2-Dokunulmazlıkların kaldırılması



Bir yandan Türkiye'yi, 28 AB üyesi ülke ile eşit şartlarda masaya oturttu. Diğer yandan AB ile yeni fasılların açılması ve vizesiz Avrupa'yı da içine alan bir anlaşmayı sağladı.



Avrupa Birliği ile yaşadığımız sıkıntılı bir sürecin ardından Davutoğlu'nun hamlesiyle, AB hedefine bir adım daha yaklaştığımız bir iklimi yakaladık. Bu iklimi iyi değerlendirmek gerekiyor. Kararlı olursak Haziran ayında vizesiz Avrupa hayal değil.
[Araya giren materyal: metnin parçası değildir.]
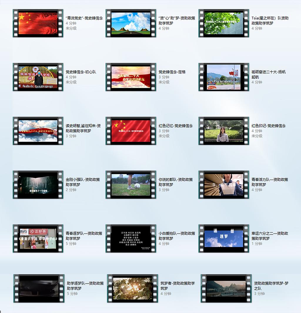 本次资助主题短视频比赛分为“资助政策助学筑梦”、“砥砺奋进二十大”、“党史铸信念”三个拍摄主题。经过同学们的踊跃报名,本次比赛共收到18个团队的短视频作品,视频内容各具特色。经评委评审,最终评选出以下获奖作品:

AB ile yakaladığımız iklime en büyük katkıyı, içeride reform sürecinin güçlendirilmesi oluşturacak. 1 Kasım seçimlerinden sonra hükümet üç aylık, 6 aylık ve 1 yıllık reform takvimi açıklamıştı. 3 aylık takvim kapsamında önemli düzenlemeler Meclis'e sunulacak.



1-Alevi reformu



2-Siyasetin finansmanı ve şeffaflık yasası



3-Darbe hukukunun ayıklanması,



4-Taşeron yasası



5-Kıdem tazminatı



Darbe mevzuatının ayıklanmasıyla ilgili paket olgunlaştırıldı. Şeffaflık yasası olarak bilinen siyasetin finansmanı konusu, 7 Haziran'dan önce gündeme gelmiş, ancak parti içi sorun yaşanmıştı. Siyasetin finansmanı konusu yeni bir bakış açısıyla ele alındı. Alevi reformunda ise artık karar anına gelindi. Cemevlerinin statüsü düzenlemenin can damarını oluşturuyor. Alevi reformunda tahmin edilenin aksine düzeyli bir tartışma yürütüldü. Pozitif bir bakış açısıyla hareket edildi. “Paralel bir Diyanet mi oluşuyor” sorusu sıkça gündeme geldi. Diyanet İşleri Başkanı Mehmet Görmez'in önemli katkısı oldu. Artık karar anı yaklaştı. Zirveden ne çıkacağını merak ediyorum.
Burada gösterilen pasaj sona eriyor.